TASK INSTRUCTIONS:
Could the lines from the start of the data through the line with "92%flipaholics pro, flipaholics" be set down exactly, with no pictures among them?

________________

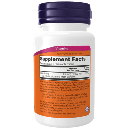 NOW Vitamin D-3 aporta 1,000 UI de vitamina D3 por tableta masticable, en un formato con sabor frutal natural que apoya el sistema óseo y el sistema inmune.
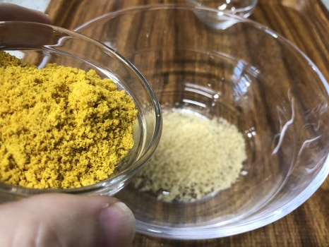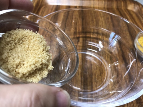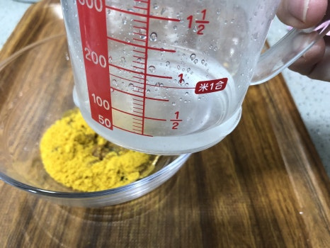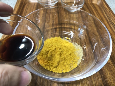 설탕(1스푼)▶카레가루(2스푼)▶간장(1스푼)▶물(50ml)을 빈그릇에 넣고 한번 섞어줍니다.
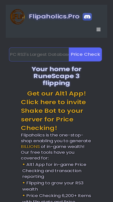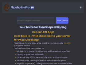92%flipaholics pro, flipaholics discord. home of shake bot, rs3's most accurate & complete item/price checking database, automatic profit tracking, and automatic p2p trade matching.
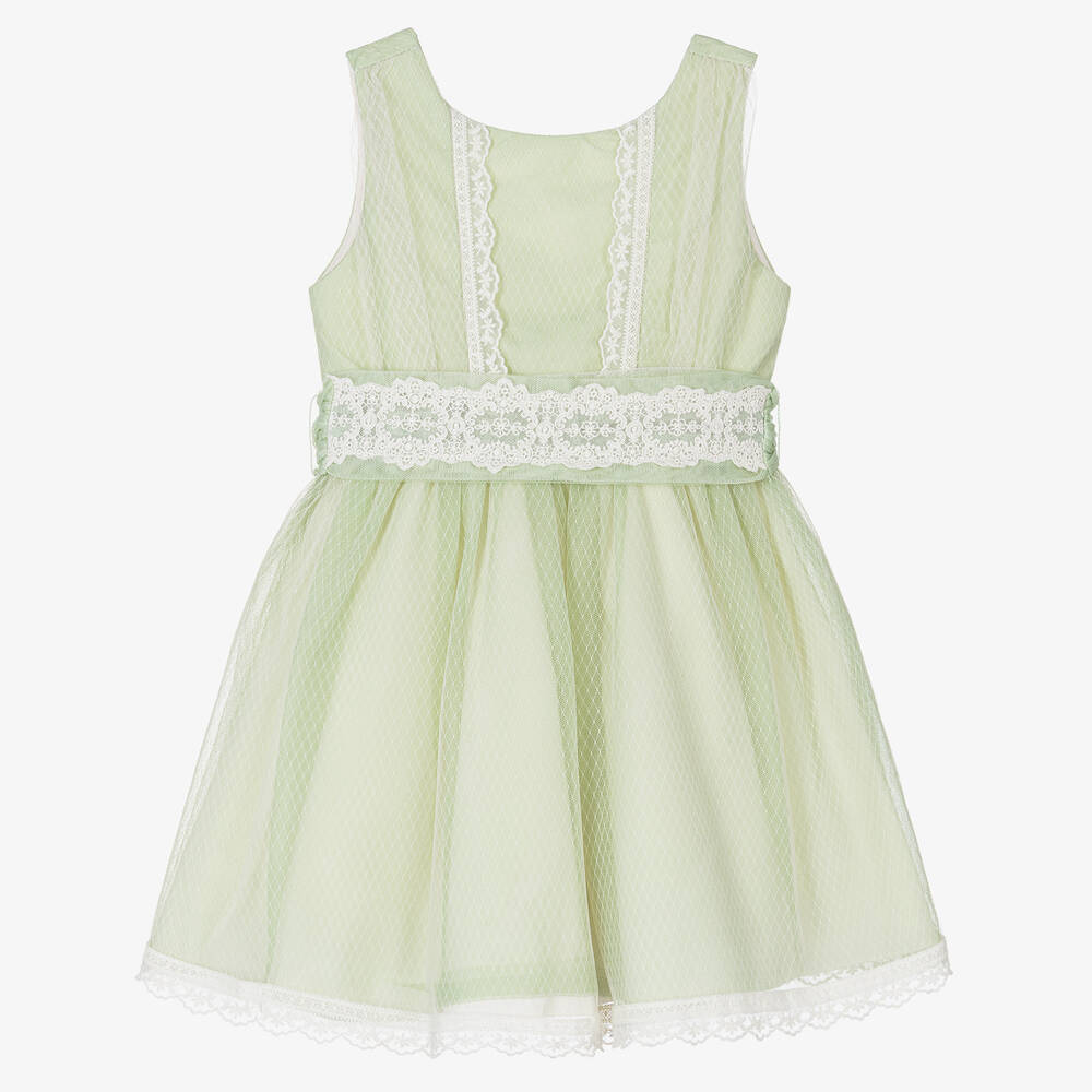 A pretty light green and ivory dress for girls by Abel & Lula, with a diamond-patterned tulle overlay. Ideal for a special occasion, it has cotton lace trims on the bodice and a beautiful scalloped hem on the skirt. The embroidered florals add traditional charm. It has mother-of-pearl buttons on the back and a detachable sash belt tied around the waist. Two layers of soft cotton blend fabric with a tulle trim line the skirt for added volume and comfort.
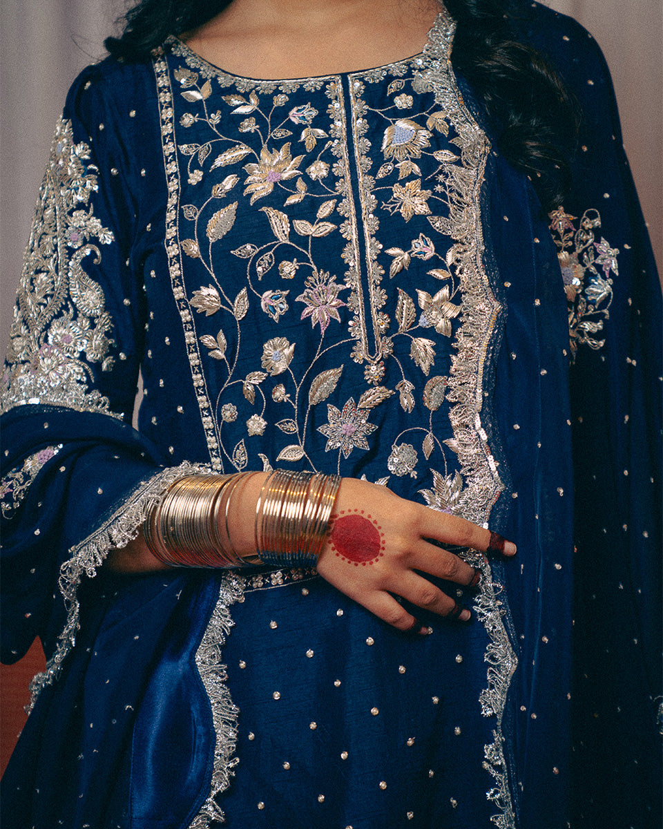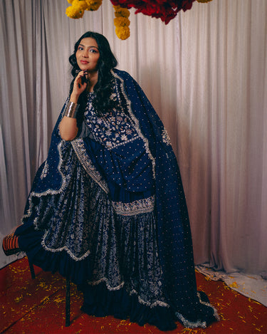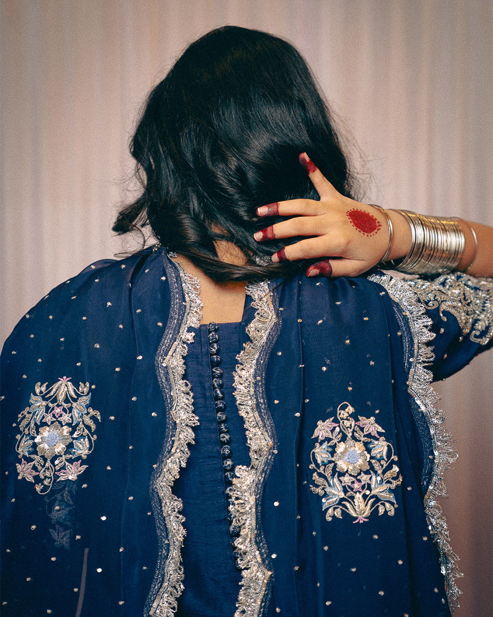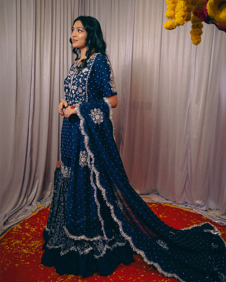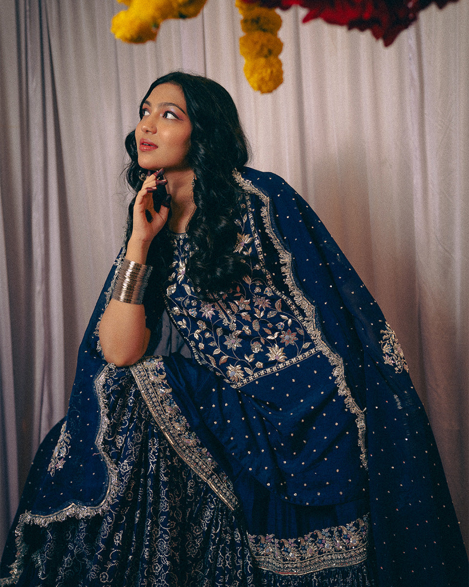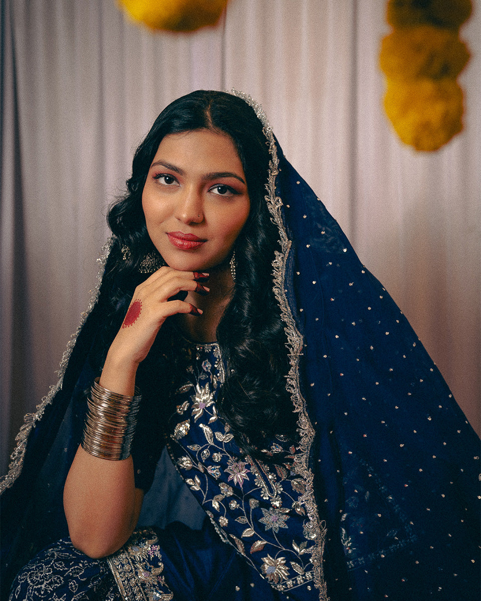 An ode to timeless grace, Noor Jahan revives the elegance of the bygone era — a tribute to the silhouettes worn by women in the ’60s and ’70s. This midnight blue ensemble captures the essence of old-world charm with its traditional 8-meter ghera gharara, a style few still craft today.
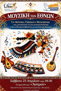 Η εκδήλωση θα πραγματοποιηθεί το Σάββατο 25 Απριλίου στις 18:30 στο Κινηματοθέατρο «Άστρον» στη Μενεμένη.
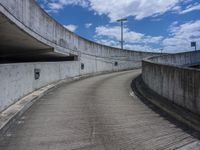 A view of a straight road surface in the city, lined with asphalt and shaded by street lights. The open space and clouds in the sky add to the urban scenery.
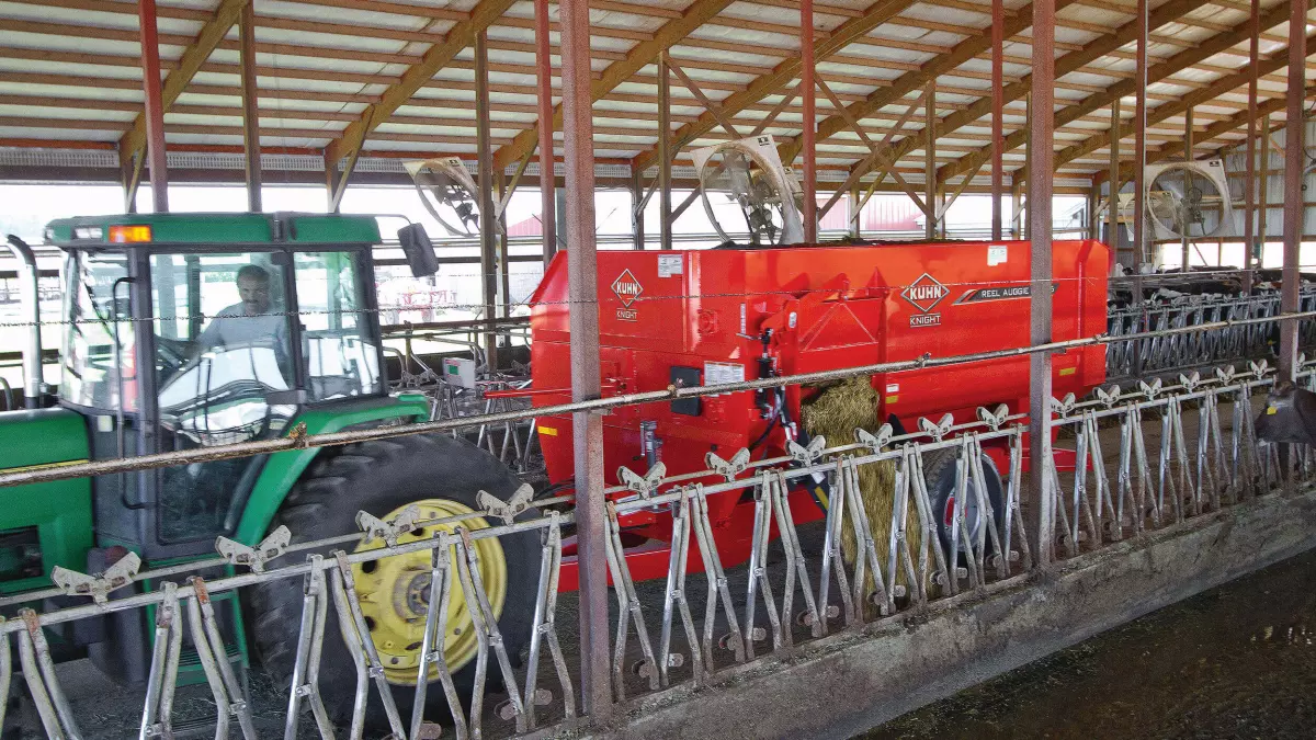 Quality performance, with the lowest possible input costs is the goal of every operation. The fast, gentle mixing of KUHN Knight reel mixers helps maximize efficiency and minimize expense. The reel and auger design eliminates much of the force and pressure seen with other mixer types, resulting in low horsepower requirements and, correspondingly, less fuel consumption for economical operation.
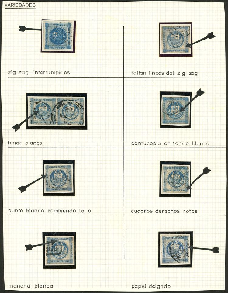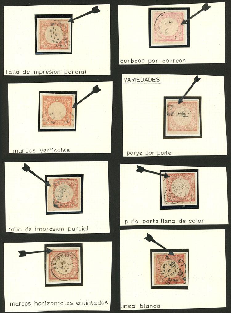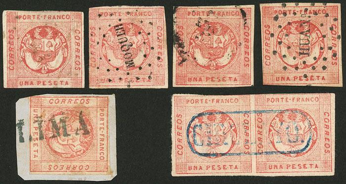 Yvert 7d, 1860 1P. red pair with WHITE FLAGS (second retouch), pair (with attractive blue cancel "CHICLAYO") + 5 singles, varied shades and cancels, attractive lot! (Image)
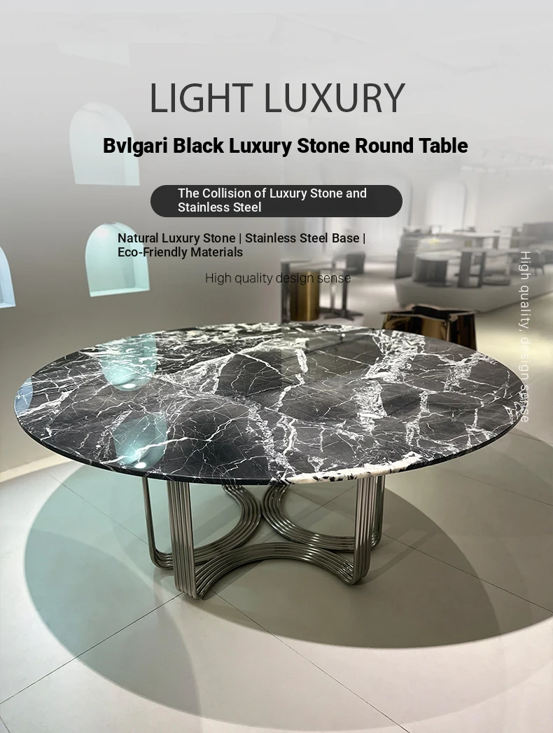 59.06in*59.06in [with turntable 35.43in] Bulgari black luxury stone dining table
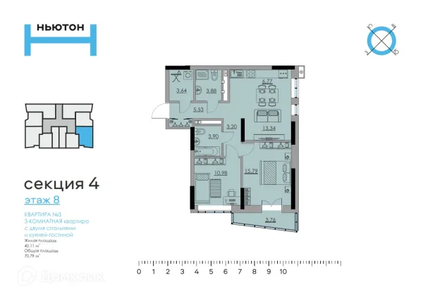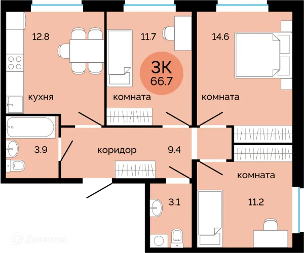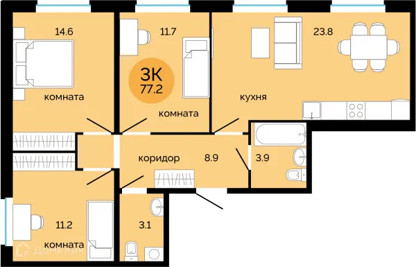 3 комн. квартира в Перьми в ипотеку от 66 796 руб/месяц

________________

ANSWER SECTION:
 NOW Vitamin D-3 aporta 1,000 UI de vitamina D3 por tableta masticable, en un formato con sabor frutal natural que apoya el sistema óseo y el sistema inmune.
 설탕(1스푼)▶카레가루(2스푼)▶간장(1스푼)▶물(50ml)을 빈그릇에 넣고 한번 섞어줍니다.
92%flipaholics pro, flipaholics discord. home of shake bot, rs3's most accurate & complete item/price checking database, automatic profit tracking, and automatic p2p trade matching.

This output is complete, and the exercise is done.